While gold and the related exchange traded funds are struggling this year, some investors remain fond of the yellow metal and some ETF issuers are rewarding that faith with lower expenses.

Upstart ETF issuer GraniteShares announced a new, reduced annual expense ratio for the GraniteShares Gold Trust (NYSE: BAR).

What To Know

BAR debuted in August with an annual fee of 0.20 percent, or $20 on a $10,000 investment. At the time, BAR was the least expensive gold ETF on the market.

While the environment for gold has been challenging since BAR came to market, some investors are displaying enthusiasm for the low-cost gold ETF. BAR has about $280 million in assets under management, easily making it one of the most successful commodities ETFs to come to market last year.

Why It's Important

BAR's low fee inspired fee cuts and the debut of competing, low-cost gold funds, but GraniteShares is taking its low-cost leadership. The company announced it's paring BAR's annual fee to 0.1749 percent, or $17.50 per year on a $10,000 investment. That renews BAR's status as the least expensive gold fund currently available to U.S. investors.

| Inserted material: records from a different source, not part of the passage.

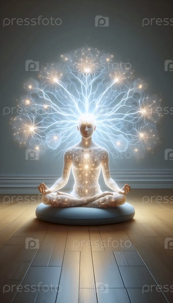 Нейрофитнес-практикующий с сияющими нейронными сетями вокруг головы во время сидячей медитации, Ai generated image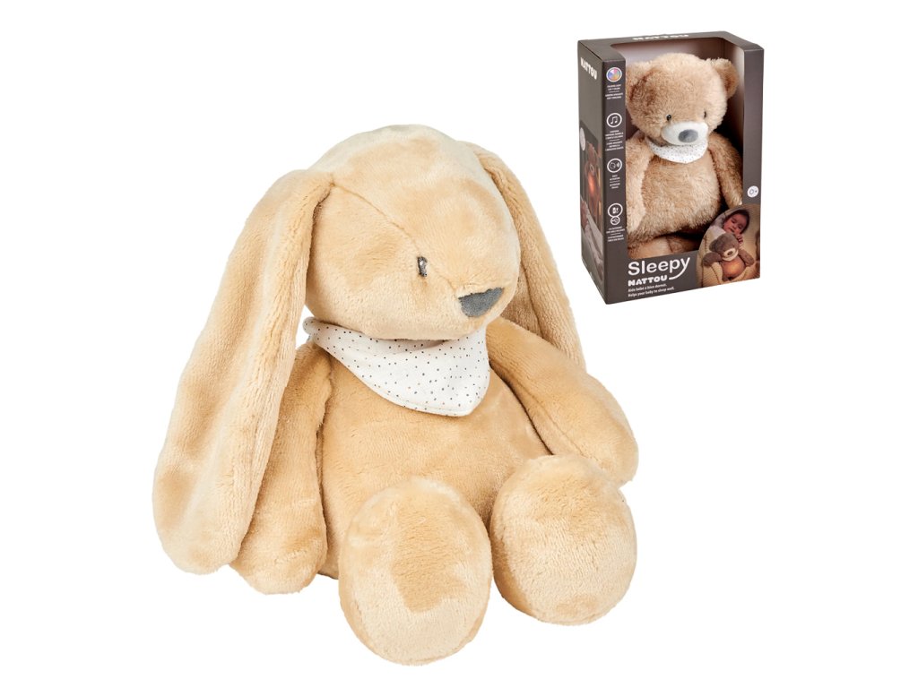 NATTOU Usínaček plyšový hudební se světýlkem a senzorem pláče 4v1 Sleepy Bunny Pale Brown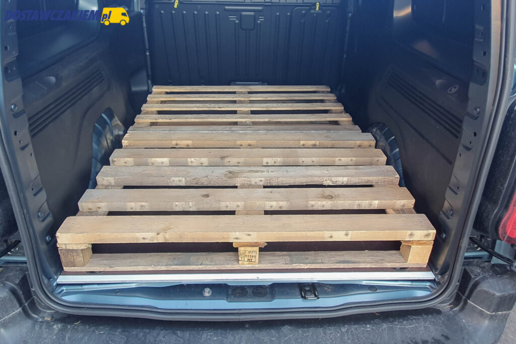 Maksymalna szerokość paki przy prawych przesuwnych drzwiach wynosi 1630 mm oraz 1229 mm pomiędzy nadkolami, więc na styk do ładowni Berlingo XL załadujemy dwie europalety EPAL (1200×800 mm).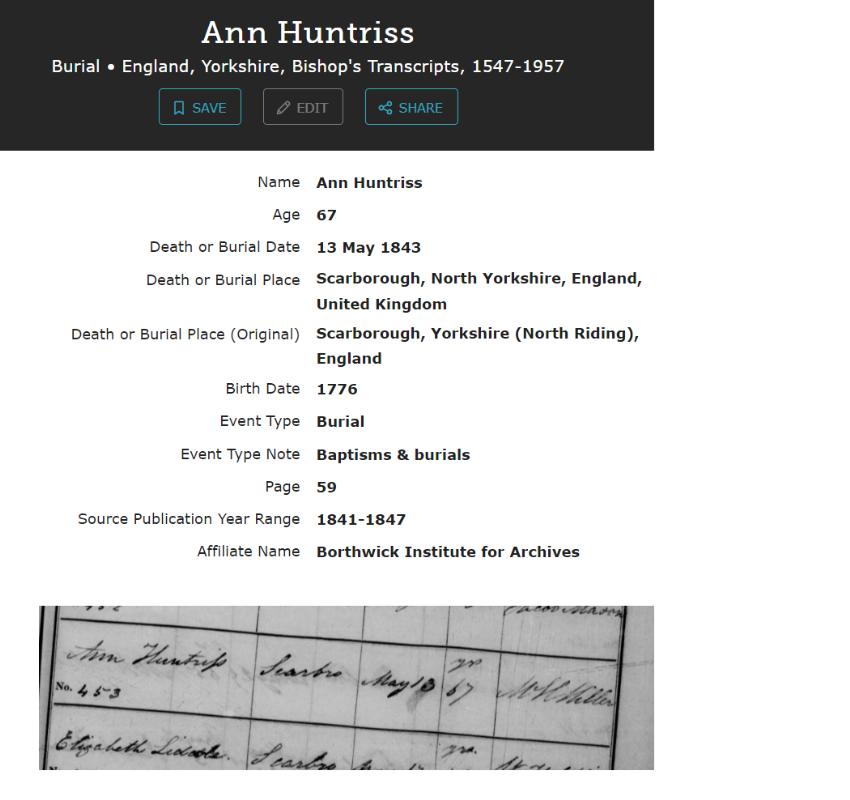 1841 Census - St Mary Street, Scarborough, living with James Bayes (Builder) and family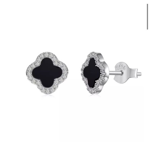 - Modelo: Brincos Trevo V.C Onix crvejado Prata 925

BAR's fee cut was announced as some analysts are forecasting a rebound for the yellow metal and precious metals miners.

"Although there is little evidence that inflation is accelerating (as of now) or that the end of this bull market is imminent, we argue that gold miners should be given a larger weight in investors’ portfolio for the following reasons: i) the economic cycle continues to mature; ii) asset valuation multiples are expanding and asset bubbles are emerging in certain areas; iii) budget deficits are increasing at alarming rates; and iv) quarterly earnings will face tougher comps in 2019, bringing into question how much longer this record-breaking bull market can continue,” said CFRA Research equity analyst Matthew Miller in a recent note.

What's Next

BAR and rival gold ETFs could benefit from short covering as bearish traders have recently load up on short gold positions.

“For the week ending September 25, money managers increased their speculative gross long positions in Comex gold futures by 609 contracts to 98,513, while short positions increased by 1,823 contracts to 182,190. This means that gold’s net short position is 83,677 contracts,” according to Miller. “The gold market could be poised for a short-covering rally, as investors are likely to start closing out their record level of short positions, given gold’s resilience to not break below key levels of support.”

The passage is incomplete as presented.